Creating a simulation environment
This guide walks through adding a new Gazebo-based environment end-to-end, from picking a starting template to registering the gymnasium ID and running a smoke test.
If you’re new to the two-layer pattern, read Environment templates first.
1. Pick a starting point
New robot, new task — copy both layers from the MultiROS templates (
MyRobotEnv.py+MyTaskEnv.py). You’ll be doing the most work.Existing robot, new task — copy only the task layer (
MyTaskEnv.py/MyTaskGoalEnv.py) and inherit from the existing robot env.Reach-like task — start from
rl_environments/src/rl_environments/ rx200/sim/task_envs/reach/rx200_reach_sim.pyand adapt.
Goal-conditioned tasks (suitable for HER) use the
...GoalEnv.py templates and the
multiros.envs.GazeboGoalEnv.GazeboGoalEnv base class.
2. Implement the robot env
The robot env extends multiros.envs.GazeboBaseEnv.GazeboBaseEnv
(or its goal variant). The base class handles the lifecycle —
spawning the robot model in Gazebo, pausing/unpausing physics,
loading ROS controllers — so your job is to fill in:
_check_if_done()(often unused at this layer; see below)._set_episode_init_params()— robot-side reset (move to home pose, wait for controllers, etc.).Optional helpers for the task layer (e.g.
get_ee_pose(),move_to_joint_target(joint_array)).
Spawning is configured via the base class’s __init__ parameters.
A typical robot env constructor looks like:
class MyRobotSim(GazeboBaseEnv):
def __init__(self, **kwargs):
super().__init__(
robot_name="my_robot",
robot_model_xml=load_urdf("my_robot_description"),
robot_pos_x=0.0,
robot_pos_y=0.0,
robot_pos_z=0.0,
robot_ori_w=1.0, # NOT 0.0 — see env_templates
ros_controllers_list=["my_arm_controller", ...],
**kwargs,
)
3. Implement the task env
The task env extends your robot env and defines the gymnasium contract.

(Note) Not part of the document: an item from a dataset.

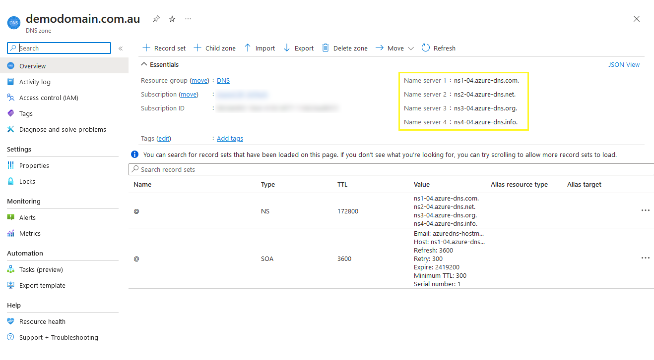 Probably the most important part about this DNS zone at this stage is the 4 Name server records at the top right of the Essentials area (highlighted by the yellow box above).

Required overrides:
_get_obs()— return the observation array (or dict for goal envs)._set_action(action)— apply the action to the robot._check_if_done()— terminal-condition check._compute_reward(achieved_goal, desired_goal, info)for goal envs, or_get_reward()for non-goal envs._set_init_pose()— task-side reset (e.g. randomise target, reset object positions).
The base class also wants you to declare observation_space and
action_space in __init__. Use gymnasium.spaces.Box (with
seed= for reproducibility) or Dict for goal envs.
For reward design tips, examine
rl_environments/src/rl_environments/rx200/sim/task_envs/reach/
rx200_reach_sim.py — it shows distance-to-target reward with
optional sparse/dense modes.
4. Register with gymnasium
In your package’s __init__.py:
from gymnasium.envs.registration import register
register(
id="MyRobotReachSim-v0",
entry_point="my_pkg.task_envs.my_robot_reach_sim:MyRobotReachSim",
max_episode_steps=200,
)
5. Smoke test
Without involving SB3, confirm the env runs end-to-end:
import rospy
from multiros.utils import gazebo_core
import uniros as gym
import my_pkg # triggers gymnasium.register
gazebo_core.launch_gazebo(launch_roscore=True, gui=True)
rospy.init_node("smoke_test")
env = gym.make("MyRobotReachSim-v0")
obs, info = env.reset(seed=0)
for _ in range(100):
obs, reward, term, trunc, info = env.step(env.action_space.sample())
if term or trunc:
obs, info = env.reset()
env.close()
If the env runs cleanly here, plug it into a training script — see Training a model.
Configuration via YAML
Production envs typically read their hyperparameters (timesteps,
reward coefficients, action limits) from a YAML file under
config/<env>_config.yaml. Look at
rl_environments/config/rx200_reach_task_config.yaml for a
template. Loading the file:
from multiros.utils.ros_common import ros_load_yaml
ros_load_yaml(pkg="my_pkg", file="config/my_task_config.yaml")
self.reward_coefficient = rospy.get_param("my_task/reward_coefficient")
Common pitfalls
Gazebo physics multiplier. If you set
gazebo_update_rate_multiplierabove 1.0 in your config, the simulator runs faster than wall-clock — which breaks any agent loop paced by wall time. Keep it at1.0unless you’ve consciously redesigned the timing.Quaternion default.
robot_ori_w=0.0is a zero quaternion; use1.0for identity.Seed leakage. Use
self.np_random(populated by the base class viasuper().reset(seed=seed)), notnp.random.Stuck on reset. If reset hangs forever, check that your ROS controllers actually report
runningand thatwait_for_servicecalls have timeouts.